In the previous post, I alluded to needing some way of recording what certificates have been issued and revoked by Quicklime, but I didn’t go into detail on how I was going to record that information. This store of information will be involved in all of Quicklime’s operations: Issuance, Revocation, OCSP responses and Monitoring.
However, each of these operations have different data needs. Issuance, for example, is write-only and only needs to record details about certificates that have been issued. OCSP responses need to know that a certificate has both been issued and if it has also been revoked and is probably going to be read-only unless some form of caching is implemented.
I recently read a really cool, in-depth article on LinkedIn’s Engineering blog on logs and how they fill a central role in building distributed systems, called “The Log: What every software engineer should know about real-time data’s unifying abstraction”. In this context, the author isn’t referring to application logs that would typically be used for debugging or service monitoring, but:
“an append-only, totally-ordered sequence of records ordered by time.”
This type of log is also known as a Write-Ahead Log, a Transaction Log or a Commit Log.
The operations of a Certificate Authority can be thought of as a number of events over time related to issuance and revocation. When framed like this, an append only ordered sequence of records feels like a fairly natural abstraction for the data I want to record. Having a central location that records events which other components of the system can use to create derived views of the raw data to facilitate processing makes it easier to compose the system out of a number of small, single purpose components.
This approach to data storage has another advantage, because any of the components used to serve clients for issuance and revocation are almost entirely stateless. Any components used for displaying and analysing data can be rebuilt by replaying the log, applying the specific transformations required by that component until it is up to date with the latest record in the log, meaning almost all of the components can be rebuilt without worrying about preserving their data.

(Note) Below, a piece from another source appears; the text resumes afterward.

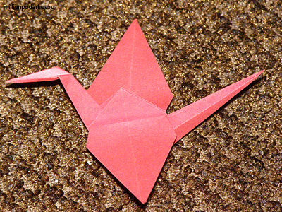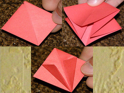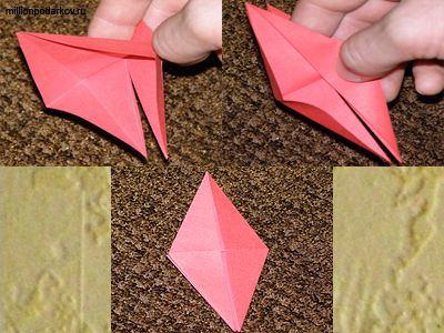 После того как мы согнули наши углы мы раскроим как на фото, затем верхние углы мы отогнём чтоб получить крылья, а два нижних слажим и раскроим для получения хвостика и головы нашей фигуры.

It seems like the most widely used solution for this problem is Apache Kafka, which is mentioned in the LinkedIn Engineering blog post, so I think I’m going to try using that as my source of truth for Quicklime.

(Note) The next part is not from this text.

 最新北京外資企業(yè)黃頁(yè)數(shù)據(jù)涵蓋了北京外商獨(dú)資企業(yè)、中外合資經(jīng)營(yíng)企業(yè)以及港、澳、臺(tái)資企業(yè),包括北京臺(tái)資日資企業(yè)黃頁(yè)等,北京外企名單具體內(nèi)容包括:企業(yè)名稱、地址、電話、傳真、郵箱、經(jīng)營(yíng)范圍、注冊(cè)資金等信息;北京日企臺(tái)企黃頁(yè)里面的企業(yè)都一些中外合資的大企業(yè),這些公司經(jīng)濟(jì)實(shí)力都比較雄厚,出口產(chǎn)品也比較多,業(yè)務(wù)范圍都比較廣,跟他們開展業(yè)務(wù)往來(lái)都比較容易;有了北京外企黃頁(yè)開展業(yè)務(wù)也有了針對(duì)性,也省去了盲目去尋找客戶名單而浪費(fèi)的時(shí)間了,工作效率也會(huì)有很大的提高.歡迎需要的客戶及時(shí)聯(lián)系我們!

So now we have our primary data store, how are we going to populate it and transform the log records to support Quicklime’s operations? Let’s start by thinking about the data sources and sinks:
- Issuing a new certificate
- Renewing an existing certificate
- Revoking a certificate
- OCSP responses
- Monitoring certificate status
Issuing a new certificate
The process of issuing a certificate can be boken down into several stages:
- Receiving a Certificate Signing Request
- Validating the Certificate Signing Request
- Generating and Signing the certificate
- Generating the Revocation Challenge
- Generating the Renewal Challenge
- Recording the issuance along with information required to revoke and renew a certificate
- Returning the signed certificate to the requestor
I’ve not yet decided whether to accept normal PKCS #10 format Certificate Signing Requests1, or a format closer to Cloudflare’s CFSSL2 requests which are JSON objects, or both. I’m envisioning a Rust & Rocket powered HTTP API handling the full issuance process, making use of bindings to OpenSSL to handle the actual cryptographic operations and a crate to provide an interface to Apache Kafka to record the issuance event. I haven’t yet decided exactly what information I’m going to record in Kafka when issuing a certificate, so that’s something I still need to think about.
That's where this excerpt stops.